Janos zmarszczył czoło i otworzył usta, ale zaraz zamknął je z powrotem. Wiedział już że siostra wymknęła się w miasto, a co miał zrobić poniewczasie - zabronić jej na przyszłość? Miał wrażenie że od czasu nieszczęsnego wyznania w łaźni coś się kruszy i zmienia, niestety nie na lepsze.
- Nie mamy więc co tutaj robić. Najważniejsze że nic ci się nie stało, mimo tego wszystkiego co się wydarzyło - powiedział wreszcie i odwrócił głowę, spoglądając przez okno. Wygodniej ułożył skrzydła okrywające go niczym ciemny płaszcz, a gdy się przeciągnął kolce na grzbiecie najeżyły się niczym ostrokół. Pomilczał przez chwilę - Zastanawiam się czy to wrażenie iż ktoś cię obserwuje nie oznacza pobratymców Latifiyah, zaalarmowanych przez nią i szpiegujących nas skrycie - odezwał się wreszcie w smoczej mowie. - A czy zapowiedź kataklizmu z kolei nie oznacza tych “Wielkich”.

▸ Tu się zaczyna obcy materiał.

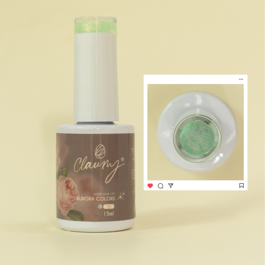 El Aurora Colors Nº 08 – Lime Spark es un verde lima fresco con destellos holográficos que reflejan la luz en un espectáculo de colores. Una opción atrevida para quienes aman salirse de lo convencional.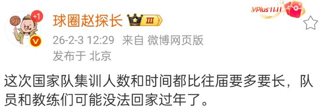 就在大名单即将公布的时候,已经有媒体人放风,本次集训会有很多的球员入选,同时时间也会很长,几乎是一个月的时间,包括不会有春节假期。

Aria westchnęła. Z jednej strony Janos rzucał się na każdą tajemnicę jak pies na kość, a z drugiej… Nie wiedziała już czego chciał i podejrzewała, że chyba on sam tego nie wiedział. Smoczy bóg namieszał mu w głowie i wyglądało jakby brat rozpaczliwie próbował teraz odnaleźć swoje miejsce w tym pustynnym kraju. Albo zawczasu zrekompensować jego mieszkańcom to, co dopiero ma zamiar zrobić. Albo po prostu robił co chciał, bo mógł. Znów powróciła niechciana myśl, że wyznanie tajemnicy ich pokrewieństwa zerwało jakąś niewidzialną nić zobowiązań, które półsmok czuł wobec niej. Przewróciła się na bok, tyłem do Janosa i zacisnęła powieki powstrzymując łzy.
- Nassur zapłaci nam za informacje, nie martw się - rzekła cicho. - A na szpiegujące nas dżiny nic nie poradzimy, choć nie sądzę, że to one - zignorowała ostatnie zdanie brata, nie mając ochoty na roztrząsanie kolejnych pustych teorii. Przemilczała też uzyskane poprzedniego dnia informacje. Na to będzie jeszcze czas… albo i nie.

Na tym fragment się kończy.